Not only were the sounds and visuals of the scene so crucial, but so was nailing the tone. This isn’t a scene that’s played up for laughs or ends with a punchline. Instead, Crawford and his team let the scene breathe—a refreshing yet risky decision for an animated movie with a tight runtime. The director recalls at one point having a conversation about whether or not Puss should rub Perrito’s belly in that moment, as a callback to an earlier, much sillier scene in which Perrito describes wanting to be a therapy dog who lifts his shirt up so people can rub his belly.
“It was making those choices to go, yeah, we’re going to depart from the expectation, especially in an animated movie, that we don’t play it for laughs,” Crawford says about “not watering down” the emotion. “We don’t literally connect it that [Perrito] got his belly rubbed. But he did so much more. He elevated himself to the situation, and did a natural thing. I have a dog myself, and you see the way dogs can just lay their head in your lap and look up at you. It’s pulling from real life.”
Surprisingly, the panic attack scene wasn’t included in one of the first internal screenings of Puss in Boots: The Last Wish.

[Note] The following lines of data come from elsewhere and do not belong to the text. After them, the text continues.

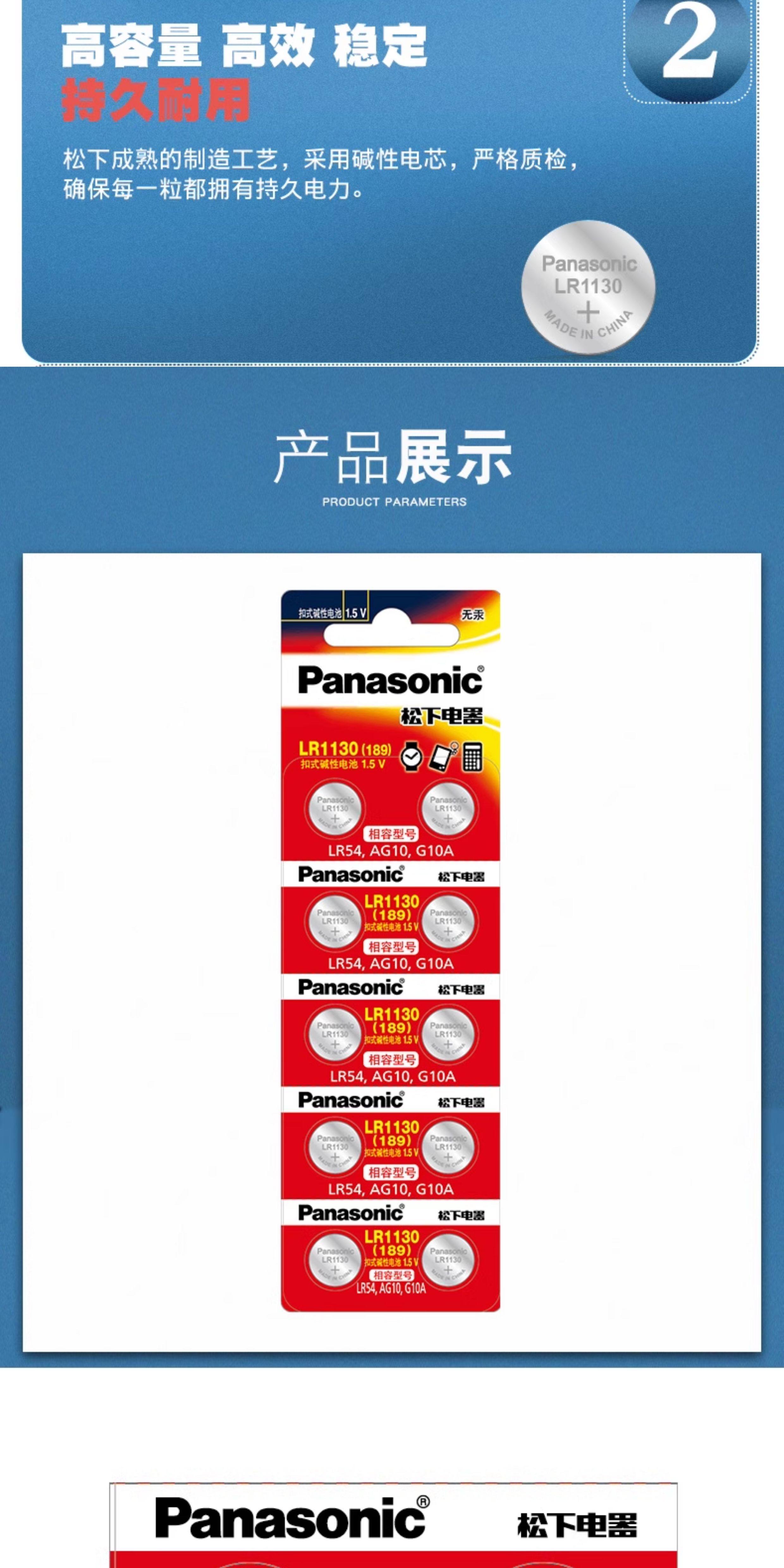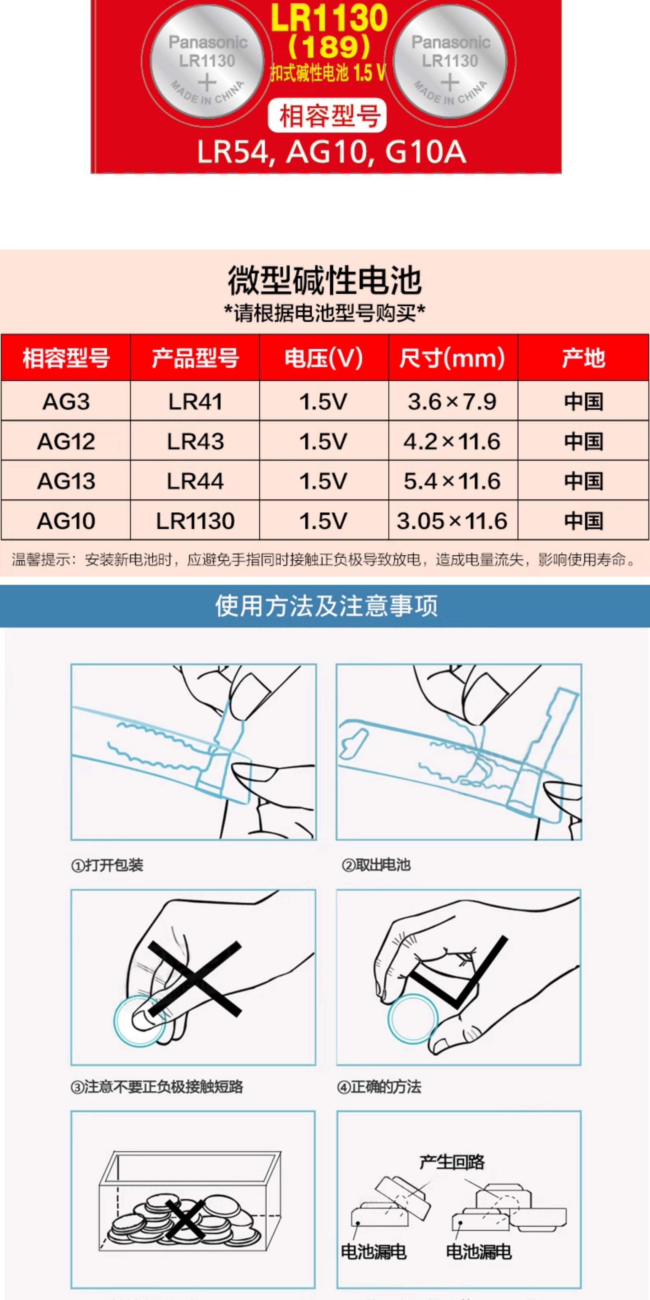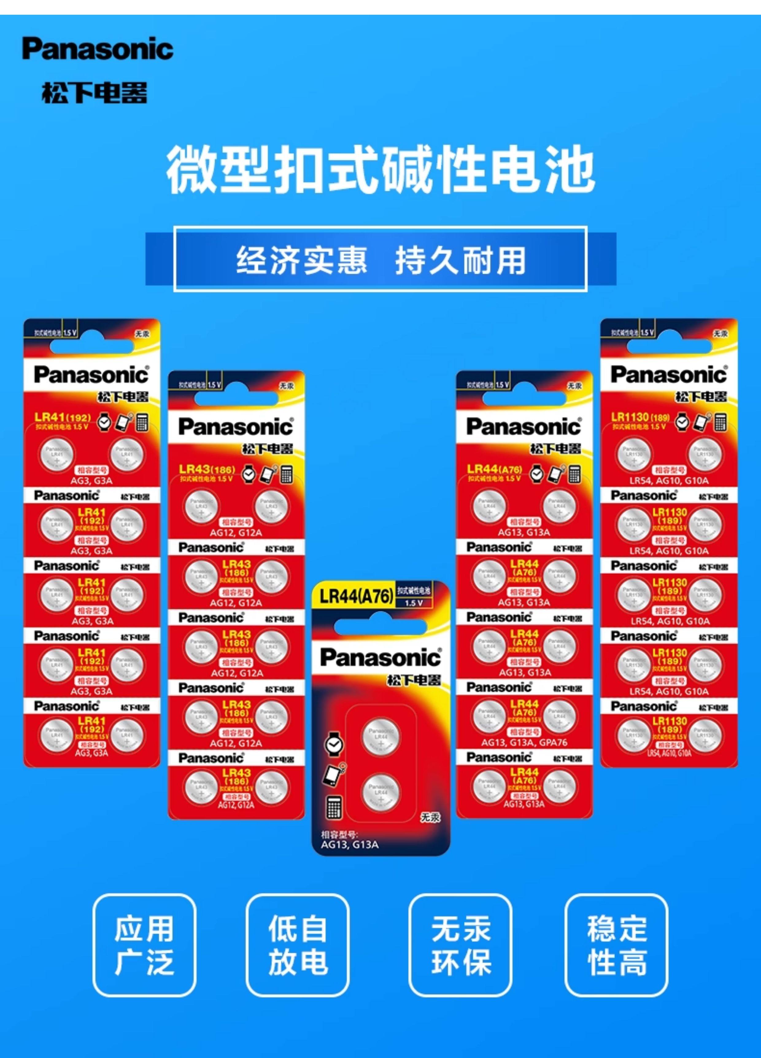 Panasonic Lr44/Lr43/Lr41/Lr1130 Alkaline Button Batteries for Watches, Toys, Remote Controls, Calipers, Ag13/A76/L1154/357A/Ag10/L1131/Lr54/189, Etc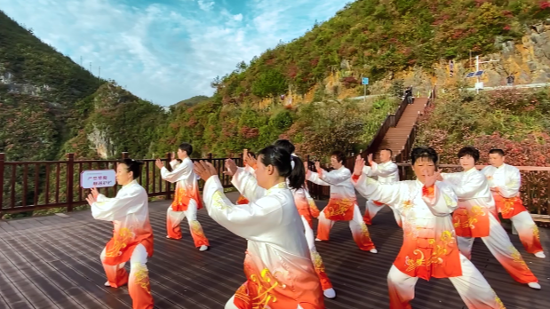 兰英大峡谷,满山红叶,一群太极拳爱好者在这里进行了集体太极拳展示。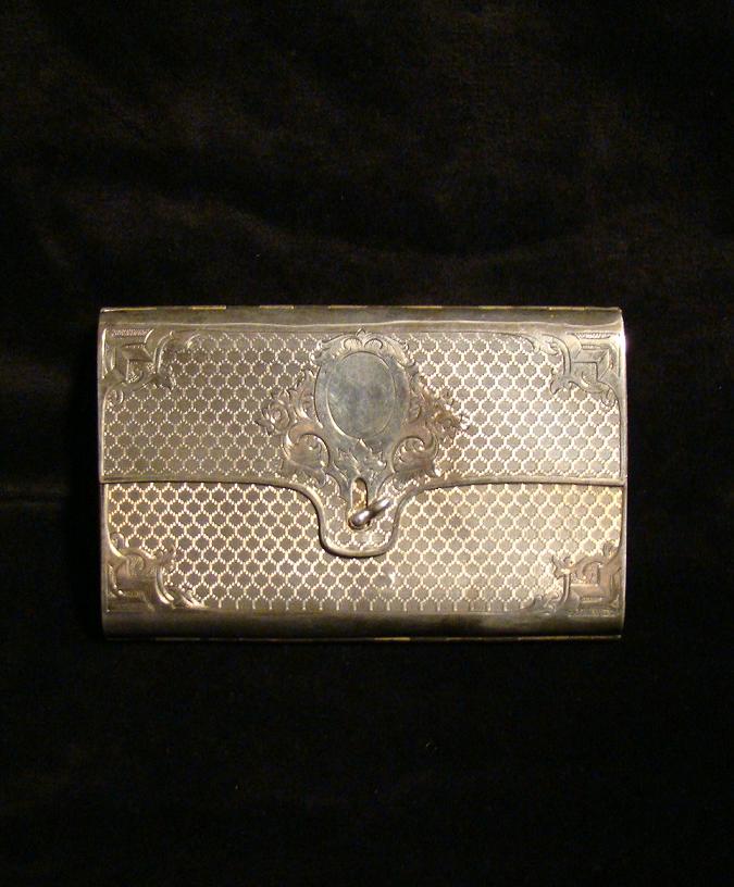 | Zigarettendose aus Silber in Form einer Tasche.Russisch,um 1864. Silberstempel 84,Beschaumeister I.S. 1864 (wahrscheinlich Iwan Sujew),weitere Marke nicht identifizierbar.Arbeit von höchster Qualität,innen vergoldet.Aussen 2 kleine Abriebstellen.12,5cm lang.Gewicht ca.190 Gramm. Detail-Photos auf Anfrage. |

According to Crawford, they added it back in after realizing it served an essential plot need; it would’ve felt contrived for Puss to take the big step of asking for help, like he does later in the movie, without a moment of putting him in a corner and forcing him to be vulnerable first. After he comes down from his panic attack, he’s able to open up to Perrito about how he’s on his last life and how he regrets the way he treated Kitty Softpaws (voiced by Salma Hayek) in the past. He lets his guard down by admitting aloud, “I am down to my last life and I am afraid,” and ultimately, he’s rewarded for it.

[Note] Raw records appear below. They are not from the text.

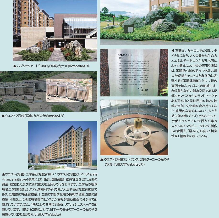 ウエスト2号館を背にした総合学習プラザの前にあるパブリックアート「QIAO」。世界的アーチストたほりつこ氏の作品である。一見、造園のように見えるが、石や草花をモチーフに、住民との綿密な共同作業を通して、地域の活性化を象徴しているという。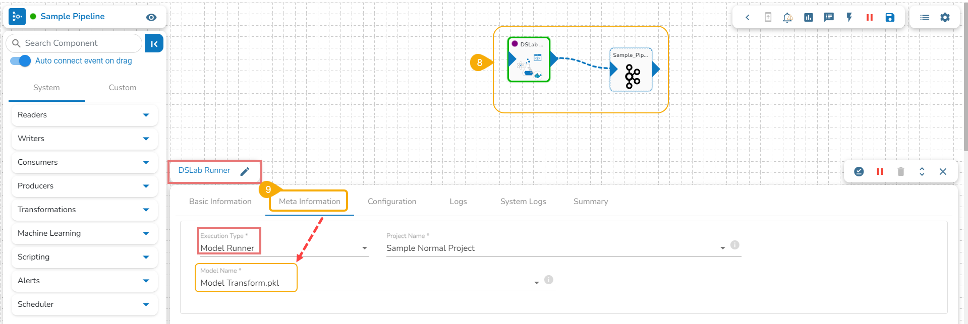 The registered model gets listed under the Meta Information tab of the DS Lab model runner component inside the Data Pipeline module.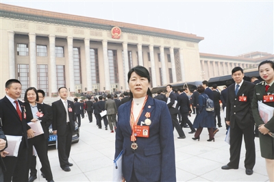 2018年10月22日,出席中国工会十七大的福建东飞环境集团有限公司内河保洁员罗祥英在人民大会堂前留影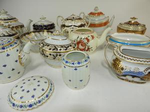 lot of tea pots,sugar bowls etc.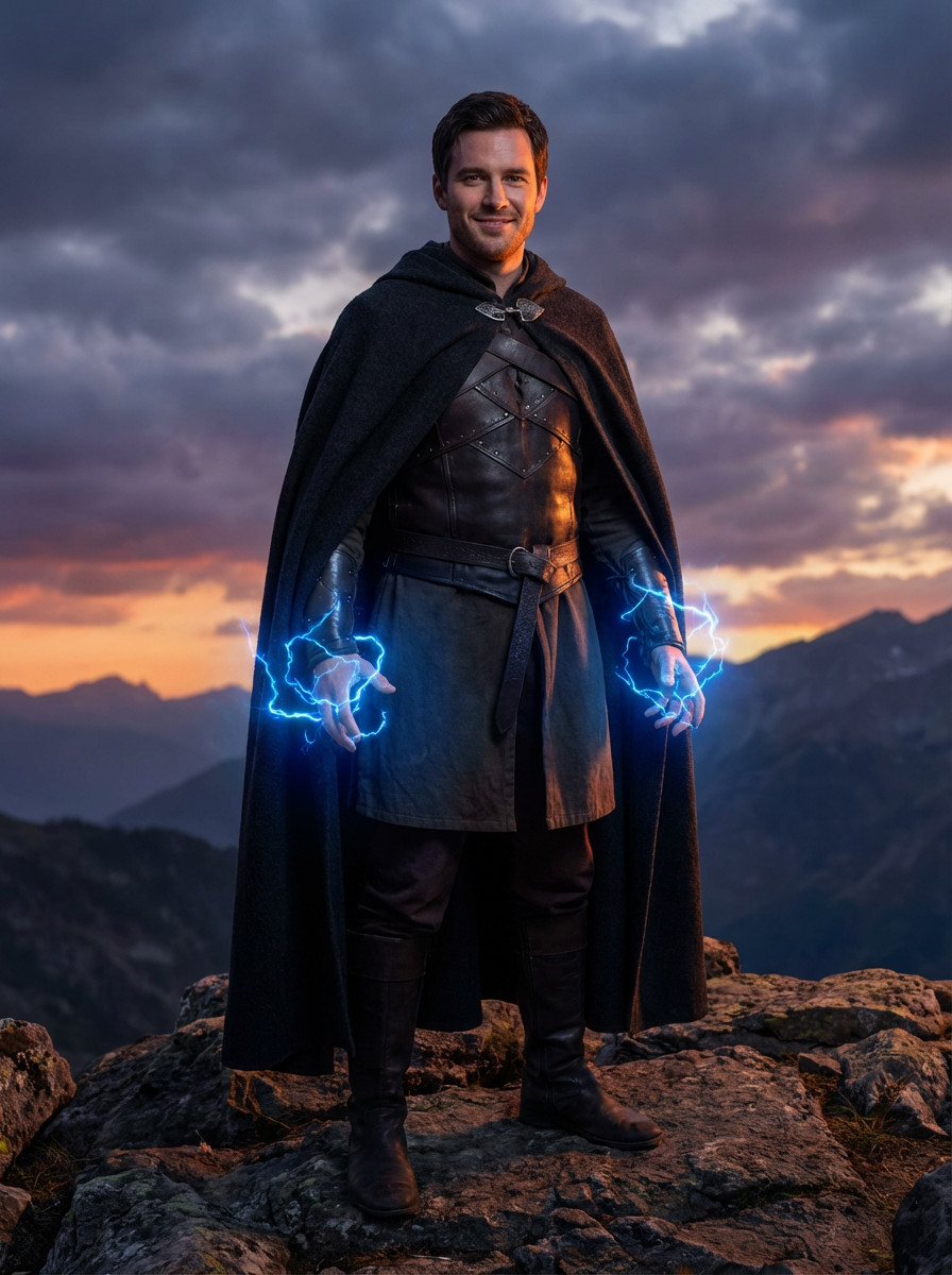 model as fantasy novel character, dramatic cape or cloak, magical lighting, epic landscape backdrop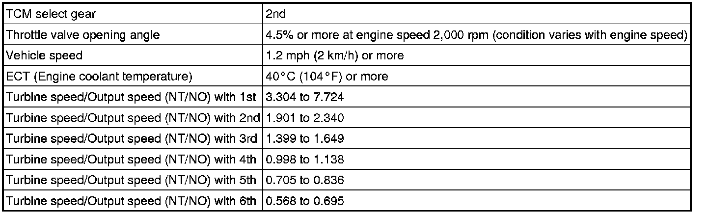 Because the torque converter clutch has not engaged, it may be difficult to obtain the speeds specified in 4th, 5th, and 6th gear, however a difference of speed should still be evident following each gear change.

“It was important to us to make that believable. Sometimes when people need help, they’re not in a position to feel like they can ask, and that was the case with Puss in Boots,” Crawford says, adding that, like the Shrek films before it, Puss in Boots: The Last Wish leans into the Grimm’s Fairy Tales, “these cautionary tales that brought you into a dark forest, made you feel fear, but then brought you back out to the light, and in that contrast you can appreciate the brightness.”
That’s the panic attack scene in a nutshell, and it’s clearly struck a chord. In mid-January, clips of the scene started going viral on social media, with countless people praising the film—which has since been nominated for an Oscar—for its true-to-life portrayal of a panic attack.

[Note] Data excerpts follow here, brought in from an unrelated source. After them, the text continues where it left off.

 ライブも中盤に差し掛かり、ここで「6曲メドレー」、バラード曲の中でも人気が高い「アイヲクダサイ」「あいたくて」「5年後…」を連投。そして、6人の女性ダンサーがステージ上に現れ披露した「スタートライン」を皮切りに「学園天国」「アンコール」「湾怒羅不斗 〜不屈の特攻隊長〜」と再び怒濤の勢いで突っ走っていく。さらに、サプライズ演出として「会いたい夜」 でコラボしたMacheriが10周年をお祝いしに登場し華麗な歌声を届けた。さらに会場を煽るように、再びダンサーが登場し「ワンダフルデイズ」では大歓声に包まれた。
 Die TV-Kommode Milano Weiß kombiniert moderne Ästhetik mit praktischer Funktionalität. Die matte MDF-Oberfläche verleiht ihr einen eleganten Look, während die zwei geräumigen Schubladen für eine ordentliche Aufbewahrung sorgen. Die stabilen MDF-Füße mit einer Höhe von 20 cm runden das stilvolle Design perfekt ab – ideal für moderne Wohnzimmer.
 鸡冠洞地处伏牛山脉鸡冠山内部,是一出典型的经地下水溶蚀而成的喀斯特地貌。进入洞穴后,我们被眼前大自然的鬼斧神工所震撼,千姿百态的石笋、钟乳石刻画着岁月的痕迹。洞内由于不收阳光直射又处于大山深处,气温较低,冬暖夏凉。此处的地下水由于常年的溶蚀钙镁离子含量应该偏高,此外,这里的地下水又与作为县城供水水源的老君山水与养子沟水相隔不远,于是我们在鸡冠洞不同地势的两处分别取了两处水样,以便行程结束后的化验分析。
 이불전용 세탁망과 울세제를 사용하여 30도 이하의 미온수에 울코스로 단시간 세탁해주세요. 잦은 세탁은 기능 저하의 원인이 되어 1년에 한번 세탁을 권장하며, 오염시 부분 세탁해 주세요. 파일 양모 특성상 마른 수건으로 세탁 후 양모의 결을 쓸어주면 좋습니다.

“It’s not common to see an animated movie have scenes that are going viral that are deep and emotional, I’d say. You’re expecting comedic things, or action. So that was what was just so wonderful to see,” Crawford says.
“Because we make these movies to share a message, and I wholeheartedly believe in the message of this movie that our lives are special,” he adds. “And if we can allow ourselves to be real and really look at who we have in our life, and appreciate those people, it could be a ripple of positivity that makes the world a better place. For that positivity to be celebrated online is really special.”